By Jamie Valiente
April 10 is Equal Pay Day, a day that signifies how long, on average, it would take a woman to earn the same amount as what their male counterpart has made in the past year.
America first implemented the Equal Pay Act in 1963 when women used to earn 59 cents for every dollar paid to men. Nowadays, women make 80 cents to a man’s dollar. Although the gap has narrowed, it still exists and it still makes a negative impact on women’s lives. On a broader spectrum, we need to consider the greater inequity present based on a woman’s race with Hispanic women making 54 cents and Black women making 63 cents to a White, non-Hispanic man’s dollar.
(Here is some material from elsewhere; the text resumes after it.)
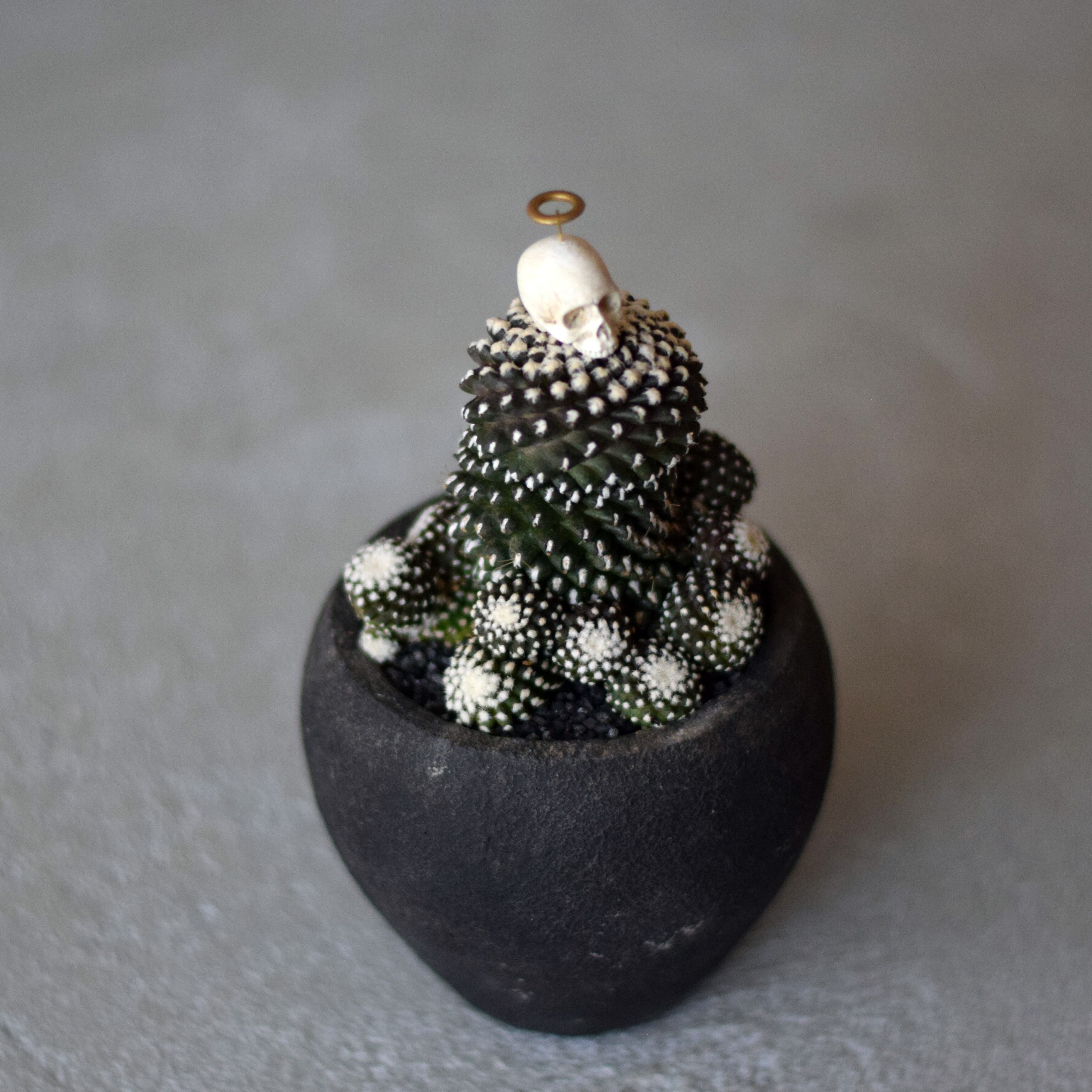 黒いモルタルの器に植えられた黒いサボテン、テヌイシマに住み着いていた上品な骸骨さんです。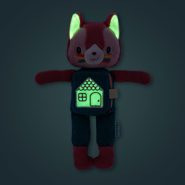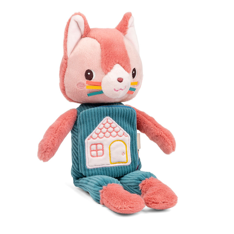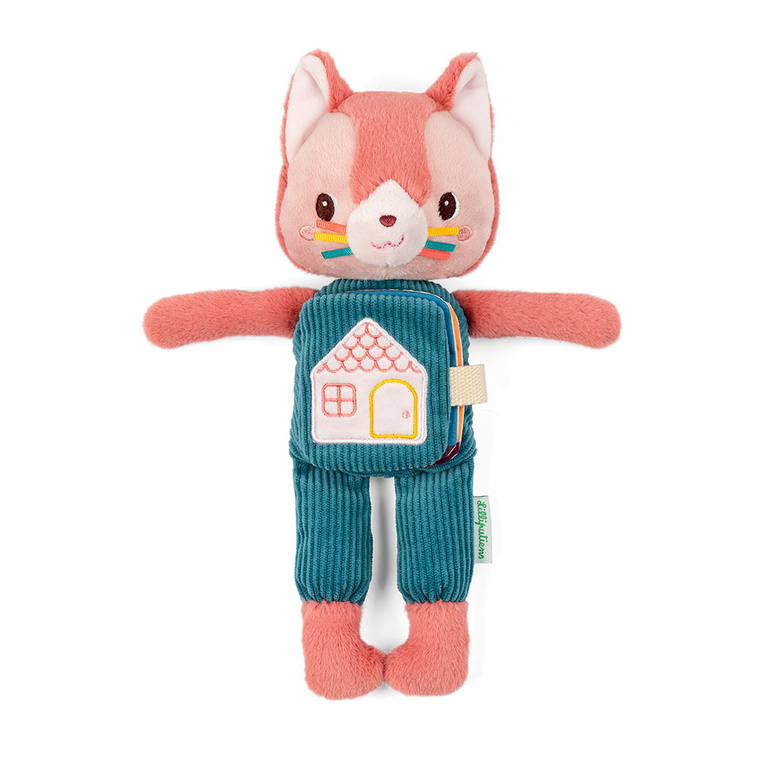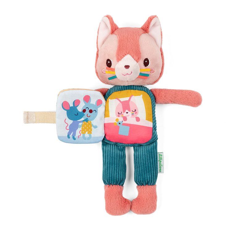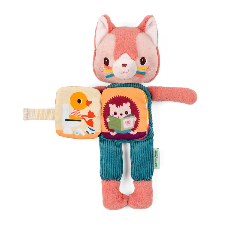 Książeczka-przytulanka aktywizująca Kotka Jeanne belgijskiej marki Lilliputiens to idealna pierwsza lektura i jednocześnie uroczy przyjaciel maluszka. Brzuszek kotki to miękka książeczka, na stronach której pojawiają się zwierzątka z ekipy Lilliputiens, m.in. Kaczorek Gaspard czy Piesek Jules, prezentujące swoją wieczorną rutynę przed snem – zakładanie piżamki, mycie ząbków czy buziak na dobranoc. Dodatkową atrakcją jest domek na pierwszej stronie oraz wnętrze kocich uszek, które świecą w ciemności. Dzięki fluorescencyjnym elementom Jeanne staje się doskonałą towarzyszką do zasypiania i świetną alternatywą dla lampki nocnej – delikatnie rozprasza mrok, daje dziecku poczucie bezpieczeństwa i ułatwia odnalezienie przytulanki w nocy.

This wage gap is not something trivial, it is a real problem that affects women, their families, and their overall quality of life. According to The National Partnership for Women and Families fact sheet (2018), if we close the wage gap, a working woman in the United States, on average, would be approximately be able to afford: Fourteen more months of child care; more than one additional year of tuition and fees for a four-year public university, or the full cost of tuition and fees for a two-year community college; 74 more weeks of food for her family; nearly seven more months of mortgage and utilities payments; more than 10 additional months of rent; or up to 8.7 additional years of birth control. As we can see, women can do so much more for themselves, for their families and for society if the wage gap no longer existed.
To reach this goal of equity, we need to hold our government accountable for their decisions on the wage gap. Moreover, we need to advocate for the success in implementing acts such as the Fair Pay Act that would diminish wage disparities due to gender-based occupational segregation and the Raise the Family and Medical Insurance Leave (FAMILY) Act that would establish a national paid family and medical leave standard for both women and men. With these acts in mind, women will be more likely to stay in their jobs and advance in the workforce.
It is crucial we also put in our effort to make the right financial decisions to break through the constraints that hinder our success. Powerful Women Rising will be hosting a free financial workshop on Thursday, April 12th at 6:30 p.m. at a Breather space in Santa Monica. It will be led by Tina Oswald, Executive Director of the Gelt Foundation.
This workshop is a great opportunity to learn more about creating a personal budget and ensure you are saving for future emergencies. If you are interested in attending the event, you can sign up to attend here: http://bit.ly/2Han6PE.
You can also take action by telling the EEOC that we need Equal Pay Data Collection.
Let us continue to work for Equal Pay Day to be an everyday reality instead of a reminder of inequity.